Лето. Мы с подругой идем по Гоголевскому бульвару от «Арбатской», мимо нас пыхтит троллейбус, мы уже бежим, врываемся на ходу в щелочку закрывающихся дверей. Остановка. Мне вдруг становится очень неуютно ехать зайцем. Она спокойно садится, уверяя, что все обойдется. «Ваш билетик», – раздается голос, мы начинаем тянуть время, судорожно роемся в карманах в поисках несуществующих билетов. «Ведь были же, но куда они подевались?» «Девушки, выйдемте», – вежливо предлагает нам контролер. «Но у нас были билеты, были только что!». «Неправда, они ничего не пробивали», – заголосила женщина в сером платье с лиловыми цветами. «Выйдемте». «Давайте, выходите, нечего людей задерживать». «Не задерживайте отправления транспорта», – крикнул водитель. Двери открылись, мы вышли, оказались на небольшой площади в районе Парка Культуры, у церквушки. Контролер выписал квитанцию. «У меня денег нет», – гордо заявила подруга. Я запустила руку во внутренний карман пиджака. Там лежали смятые бумажки старых денег – две голубые по три рубля и еще одна десятка. Штраф был десять рублей. Я сказала, что у меня с собой только шесть. И надо было наугад вынуть из кармана две трешки. Я ухватила две бумажки пальцами, вынула – ура! – получилось, две трешки. Протянула их контролеру, даже осталось еще немного денег, мне и ей на кофе.
Глава 8
Good-evening, New-York!
Марионетка, наконец, вырвалась на свободу, порвала все нитки и, беспомощная, испугалась. Куда теперь, к кому? Все то же неизменное метро. Вагон переполнен. Вдруг, кто-то вскочил и выбежал. Место освободилось, но его никто не хотел занимать. Я села. От соседа несло перегаром. Он – молодой человек с глубокими морщинами на лбу. В кожаной косухе, грязных черных джинсах и пыльных кожаных ботинках.

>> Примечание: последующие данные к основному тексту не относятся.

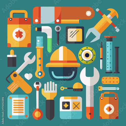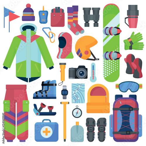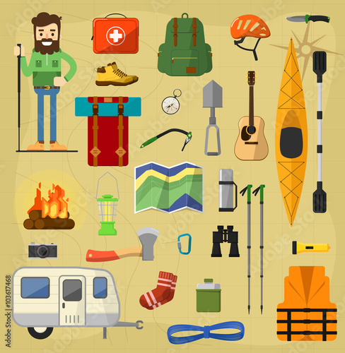 Vektorová sada ikon rybářského vybavení izolovaných na bílém pozadí. Ploché designové prvky.

Наверное, не терпелось поговорить, сказал, что у меня сильный характер, потому что маленькие ногти и тонкие пальцы. Интересно собирать свой портрет, состоящий из мнений разных посторонних людей. Итак, у меня сильный характер. А что у него? Он просит прощения, что пьян. Его голубые глаза мутные, и во всем облике есть что-то от больного тощего пса, у которого свалялась от грязи шерсть, несколько лишаев, и до крови разодран бок собаками из соседнего двора. Руки в шрамах, из-под коротких брюк проглядывает белесая кожа со ссадинами. Сегодня напился с горя. Открывает черный, потрепанный женский портфель – там лежит свернутая телефонная трубка, какие-то бумаги, он вылавливает свернутый листок и протягивает мне. На листке надписано:
«Свидетельство о разводе. Елены Борисовны Автаевой, 1972 года рождения и Петра Николаевича Автаева, 1968 года рождения…»
– Прожили десять лет счастливо, а потом сглазил кто-то. Все в момент. Теща во всем виновата, хотела квартиру у меня отнять.
– Разве такое возможно – развод от сглаза?
– Я считаю, возможно. Жили, как по маслу. Не скрою, не в том возрасте, пил. Два года пил, положила она меня в больницу, год не пил. Потом снова, здрасьте, пожалуйста. Ребенок есть, скоро четыре месяца сыну будет.
– И неужели развелись?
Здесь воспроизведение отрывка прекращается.